First, the present step is to process the electrical signals of images acquired by each imaging device, and the electrical signals of images may particularly acquired by a sensing element of the imaging device (such as image sensor).

Second, the present step is to quantize the electrical signals of the images to obtain the images to be fused. One skilled in the art should understand that, the term “images to be fused” cited herein refers to digital images which need image fusion processing so as to be spliced into a digital image of the panoramic image.

The quantizing processing may be implemented by an A-D convertor, and thus each images to be fused may be acquired. One skilled in the art may select a quantizing length of 8 bit, 16 bit, 24 bit or higher to quantize the electrical signals of the images according to the actual requirements of precision.

Furthermore, each images to be fused may be subject to a series of processing such as noise-removing and aligning before the processing of image fusion during image mosaic. That is to say, the technical solution provided by the present disclosure would not affect the applying of the prior technology in other procedures of the image mosaic. On the other hand, the prior technology in other procedures of the image mosaic may be used in combination with the technical solution provided by the present disclosure.

It should be noted that, step S1 should be performed on each frame of the panoramic image, otherwise it may be impossible to implement the reconstruction of the panoramic image.

S2, calculating differences of fusion regions of the adjacent images to be fused.

In the present step, the differences may refer to the statistic value of the differences of quantized values of corresponding positions of the fusion regions(aligned regions). For example, the differences may be the differences of the averages of all point pixels of adjacent images to be fused in the region, or may be the differences of pixel values of the sampled points calculated after sampling pixels of adjacent images to be fused in the region according to certain rules. Furthermore, one skilled in the art may use any other statistic value according practical needs.

S3, performing gain adjustments on the images to be fused so that the differences of fusion regions of the adjacent images to be fused are in a preset range.

The processing of making the differences of fusion regions of the adjacent images to be fused in a preset range by gain adjusting is a processing on the differences of luminance and chroma in a hardware way (gain amplifier or hardware processor capable of performing gain adjustment) so as to overcome the disadvantages caused by the image processing algorithms in related art. When the differences of fusion regions of adjacent images to be fused are extremely small, the differences in luminance and chroma of the overlapped regions of adjacent images to be fused are extremely small, so that the object of the present disclosure to overcome the color mutation of the panoramic image after splicing may be achieved.

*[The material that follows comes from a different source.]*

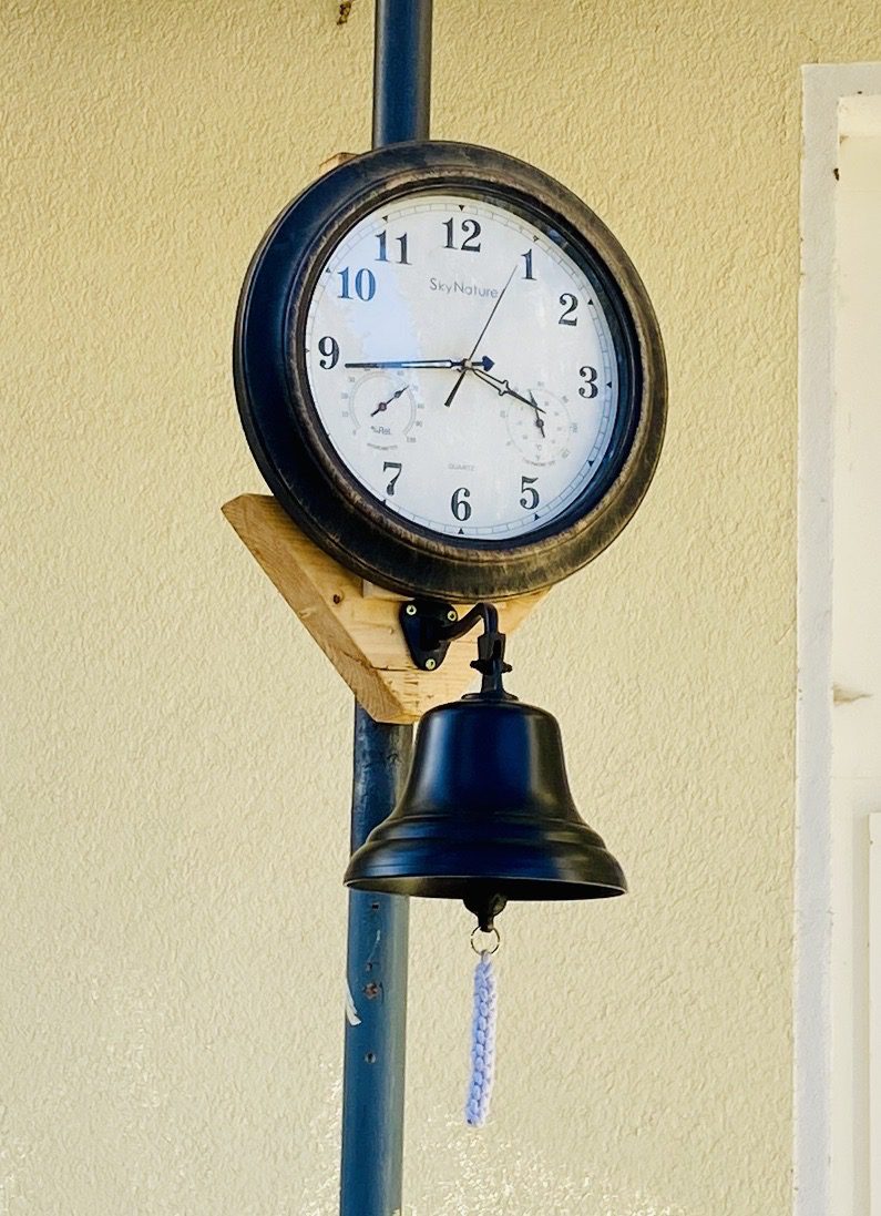 Wir haben eine neue Glocke um die großen Pausen abzuklingeln. Unser altes Klangspiel wurde mit dem Fußball so oft abgeschossen, dass es nicht mehr zu reparieren war. Es sah wirklich nicht mehr schön aus.

It is apparent to one skilled in the art that, when the differences of fusion regions of adjacent images to be fused are zero, the optimum technical effect may be achieved. However, one skilled in the art may understand that, in the field of image processing, it is unrealistic for all the pixel values in the fusion regions to be exactly same, and therefore, the differences may be close to zero at most, and there is certainly an error range for such differences. For example, in the case that the grayscale value of a pixel is 255, the tolerant error for one pixel may be 5 or less or 10 or less. If the differences are within such preset tolerant error range, the fusion effect may not be affected visually since the differences are so small. The tolerant error range may be set according to practical demands on precision by skills in the art so as not to affect the implementation of the technical solution of the present disclosure.

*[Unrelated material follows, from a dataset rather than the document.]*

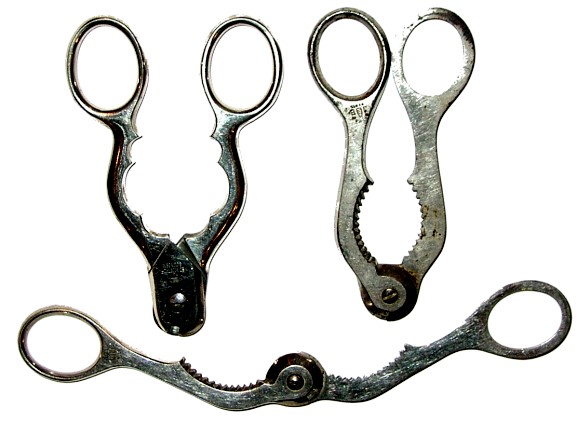 The top and left grippers with wire cutters resemble Bay's patent and are marked DEPOSE PARIS J B. The gripper at bottom right in the above photo was made by Ed Wüsthof in Solingen, Germany and has his mark.

It should also be noted that, step S1 should be performed on each frame of the panoramic image.

Therefore, through the implementation of steps S1-S3 as mentioned above, the object of the present disclosure may be achieved.

Furthermore, during the image mosaic, steps S1 and S3 may be performed frame by frame as described above, but S2 may be performed in different frequency as demanded.

For example, it may be feasible to perform the calculation of differences on each frame, i.e., perform steps S1-S3 on each frame of the panoramic image. Such manner of adjustment may achieve the optimum fusion effect with respect to the playing of dynamic panoramic images. However, the relative system cost may be large with respect to a camera system for contently displaying, such as a stereoscopic event data recording system, monitoring system, and so on.

As another embodiment, differences may be performed not in a frame-by-frame way considering the cases that the illumination may not be changed drastically, which include two cases.

As one case, the above step S2 may be performed again when the changes of imaging parameters reach a preset threshold. More particularly, in some circumstances such as outdoors in daytime, indoors where lights may not be turned on and off frequently, the luminance of each imaging device may not change drastically frequently. Therefore, after previous adjustment, if the adjacent image A is darker than the image B by 4 luminance values based on analysis of differences and the processor may control the luminance of all pixels of A to be increased by 4, step S3 may be performed while such gain is maintained without repeatedly performing S2 to recalculate the differences, until the changes of imaging parameters reach the preset threshold, for example, when a blocking occurs or there is a new light source causing a larger changes in luminance, or scenes for photographing are changed, so that a balance between effects and system cost may be achieved.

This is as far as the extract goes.